Although I know people have healed themselves of ailments by removing gluten from the diet and although I’ve read the research on the links between gluten and neurodegenerative conditions, I full-heartedly believe in the idea of everything in moderation. I personally have not given up my bread products yet, but I eat much less of it and not every day, because a little bread every now and then probably won’t kill you.  The problem is, carbs, like sugar, can be addicting, so some people have a much harder time removing gluten from the diet.

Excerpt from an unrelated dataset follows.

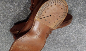 Writing on another two shoes’ heels suggest sole thickness, reading “M/9 1/2/11-IRON” and “Y / 21⁄2 / 14 IRON / 93 B-1” (see photo). IRON numbers are an older measure of the thickness of the leather. There are 48 irons in an inch. The embossing indicating 14 IRON would be constructed with leather about .30 of an inch while the Size 9 1/2 11 IRON shoe would have used leather approximately .23 of an inch thick.
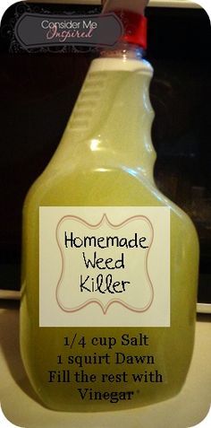 In California we’ve been dealing with a drought, but that doesn’t seem to make a difference to the weeds in my backyard. They still keep growing. My mom told me about the weed killer she uses, a solution made with Dawn liquid dish soap, salt and vinegar. Obviously it takes longer to kill the weeds than if I used Roundup, but I don’t like using poisonous chemicals because of the dogs. I’m willing to take the time.

One way to cut back on carbs, processed foods, or sugar is to fill up on proteins, vegetables, and healthy fats.  By adding in these other foods, it’s easier to naturally crowd out carbohydrates, processed foods, and sugar.  I highly encourage everyone to do research for themselves, rather than hopping on the bandwagon without really knowing why.  There are probably way more products containing gluten than you know, some which may be surprising, and I’ve listed some of these products below.  I highly recommend the book Grain Brain by David Perlmutter, MD if you’re looking for more research and information.

If you or someone you know has been diagnosed with Alzheimer’s disease, Parkinson’s disease, Multiple Sclerosis, Autism, Lou Gehrig’s disease (ALS), or diabetes, or if it runs in your family, then I would think it best to stay away from gluten.  If you’re eating gluten and finding yourself suffering from headaches, abdominal pains, or any of the other symptoms previously mentioned, then try at least one week of cutting out gluten and see if you can notice any improvements.

Which grains are gluten-free?

Amaranth, arrowroot, buckwheat, corn, millet, potato, quinoa, rice, sorghum, soy, tapioca, and tee.

gluten-free-grains

Which gains contain gluten?

Barley, bulgur, couscous, farina, graham flour, kamut, matzo, rye, semolina, spelt, triticale, wheat, and wheat germ.

Random things that contain gluten:

Cosmetics, lipsticks/lip balm, medications, non-self-adhesive stamps and envelopes, play-doh, shampoos and conditioners, toothpaste, some vitamins and supplements.

There are lots of other foods and ingredients that contain gluten, so do some research if you’re planning on going gluten-free.

Sources:

Perlmutter, David, MD. Grain Brain. New York, NY.  Little, Brown and Company.